Últimamente J., que siempre había tenido algo mesiánico, se dedicaba a hacer prédicas que solo podrían calificarse de humorístico-políticas. Estuvo implicado, entre otras cosas, en el movimiento del 15-M malagueño; aunque a su estilo inasimilable: a los propios del 15-M les sobrepasaba. Sus prédicas lo hacían más pesado; aunque, como digo, estaban atravesadas de humor; y a estas alturas de la vida se había convertido en un individuo en verdad entrañable. J. llevaba unas semanas con ganas de quedar conmigo, pero yo, como de costumbre, lo estuve eludiendo. A mi regreso de Madrid me sentí con energía y le llamé. Por el teléfono no sonó su voz, sino un sonido gutural, algo así como los gruñidos de un simio o un homúnculo. Tras un forcejeo fónico (en que pasé de la incomodidad al horror, a la sensación de que era una broma, o de que era incluso un hermano grimoso que tiene, para volver otra vez al horror), entendí lo que me estaba diciendo, que lo transcribo en prosa legible, pese a que los fonemas salían, como digo, guturalmente, encriptados en los gruñidos: "He tenido un accidente... Pero puedo quedar". “¿Un accidente de coche?", le pregunté. "No". “¿Una caída?”. “No”. “¿Pero qué tienes?”. “Las mandíbulas... rotas”. “¿Estás desfigurado?". "No".

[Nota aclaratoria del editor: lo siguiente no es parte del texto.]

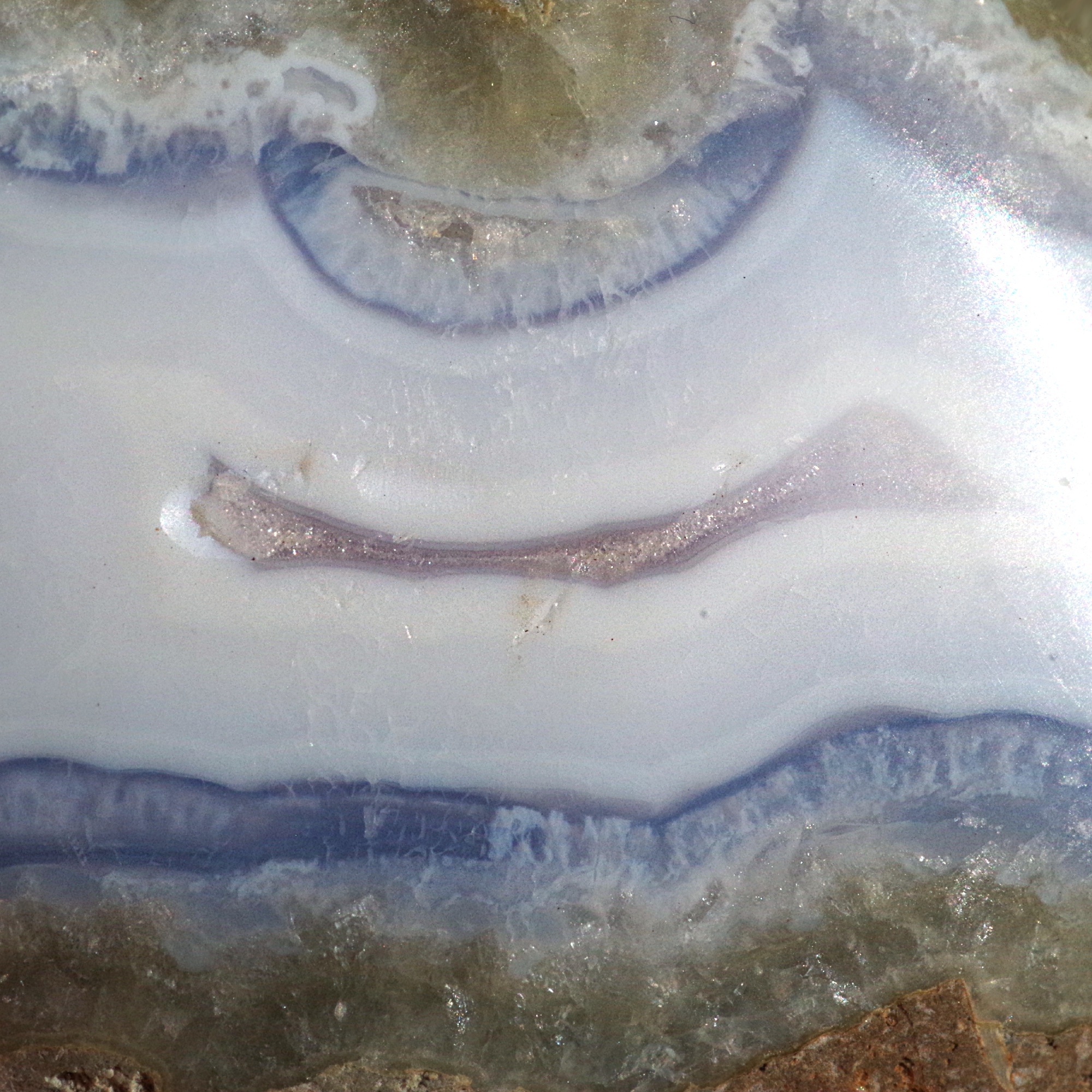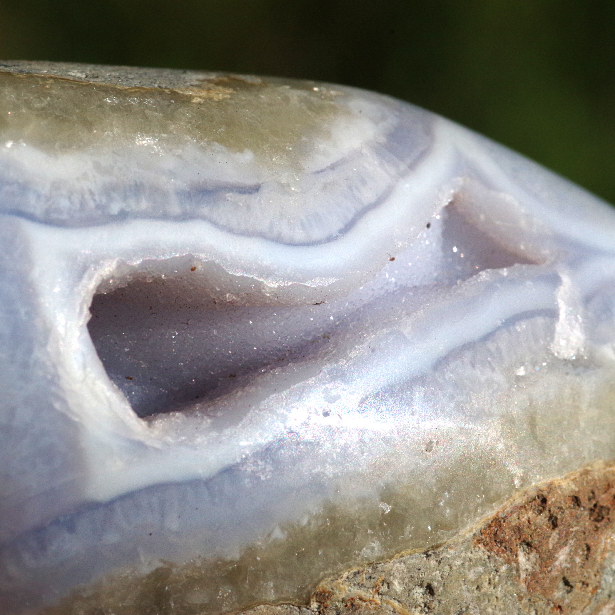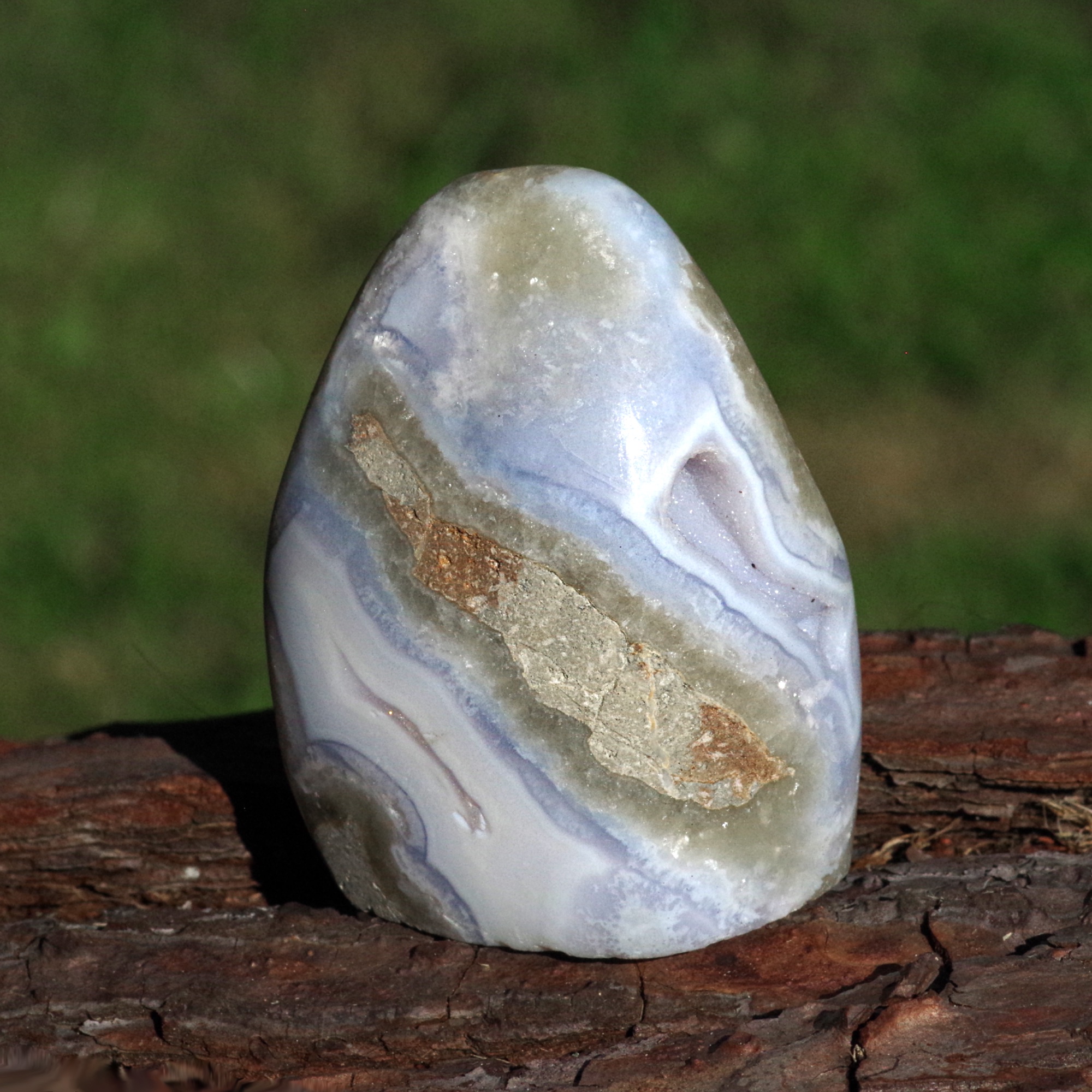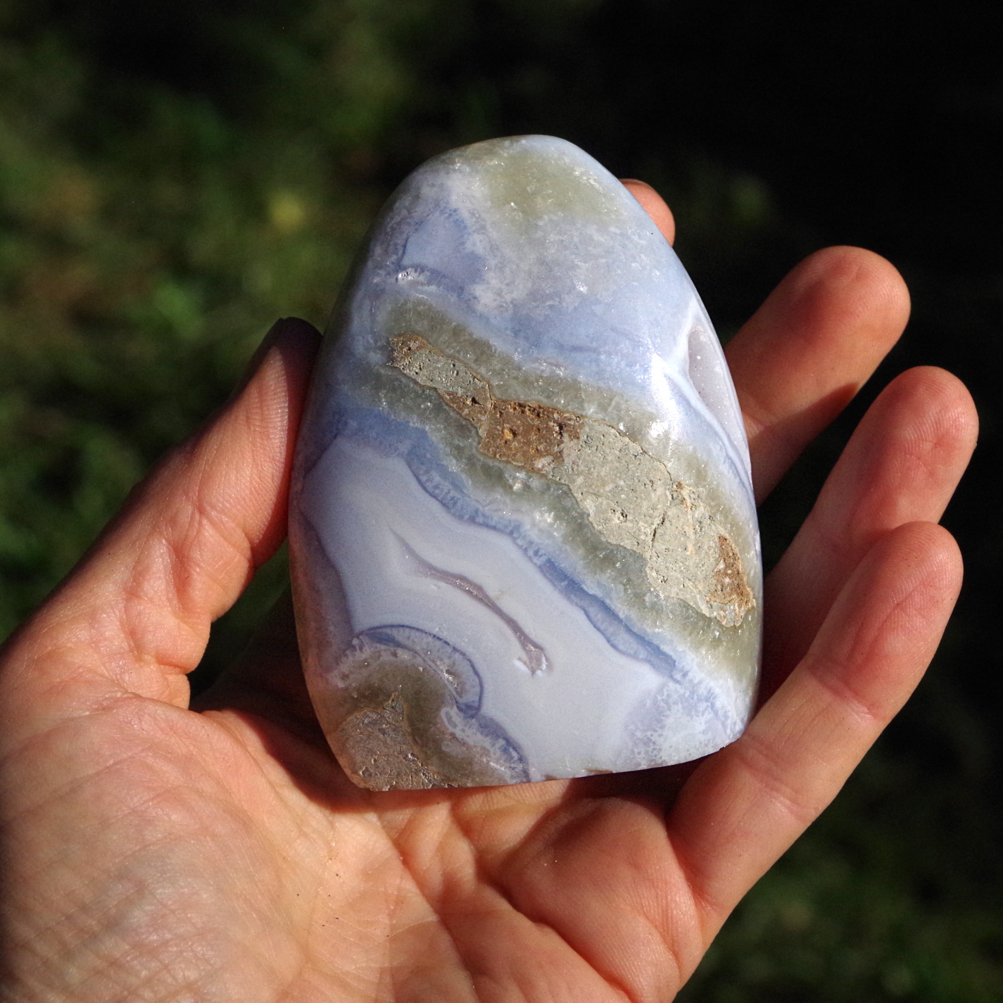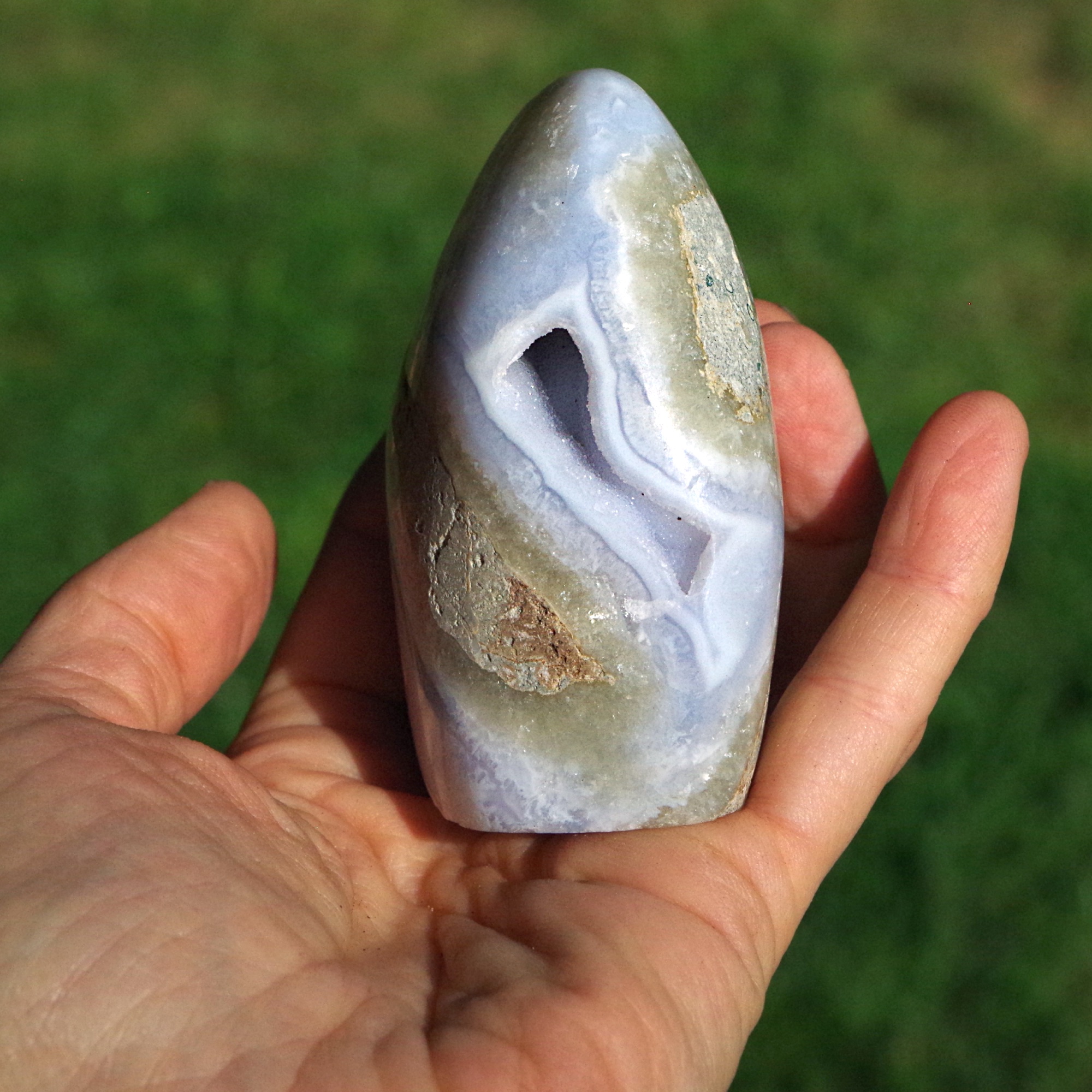 L'agate dentelle bleue est une variété délicate de calcédoine rubanée, une forme microcristalline de quartz, réputée pour ses douces nuances de bleu et ses motifs délicats évoquant la dentelle. Provenant du Malawi , elle est particulièrement appréciée pour sa coloration subtile et ses fines bandes naturelles, formées sur de longues périodes par la lente cristallisation de fluides riches en silice au sein de roches volcaniques.

Lo vi en media hora y, en efecto, no estaba desfigurado. Su aspecto era el de siempre, solo que con el rostro crispado, sobre todo en la parte inferior. Una mezcla de resignación y pesar; aunque su mirada era inesperadamente suave, casi dulce. No podía abrir la boca. Si separaba los labios se le veían, paralelas a los colmillos, unas cerdas como las de los violines, aunque más finas: eran las ataduras de sus mandíbulas. Esto era lo único nuevo en él, junto al mencionado rictus, la imposibilidad de pronunciar palabras y el incremento de su gestualidad (tanto manual como facial) a la hora de intentar expresarse. Venía de pasar una semana en el hospital, tras la operación. Era el primer paseo que daba. La historia es la siguiente: hace una semana un individuo pensó que J., en una de sus expansiones, estaba intentando ligarse a su chicaz; el individuo, en un arrebato entre psiquiátrico y latino, se fue a por J. y le dio un cabezazo en su mandíbula derecha, alzó la cabeza y le dio otro cabezazo en su mandíbula izquierda. Resultado: doble fractura de mandíbula. "¿Estás mal?", le pregunté. "No". "¿Te duele?". "No... Ha estado bien... Una experiencia". "Entiendo", le dije, "te lo has tomado como una lección". "Sí". "¿Qué lección?". Volvió a emitir un sonido gutural, apoyado en una agitación de los brazos, terminante. Tras algún esfuerzo, como con todo lo anterior, lo entendí: "Que me calle la boca".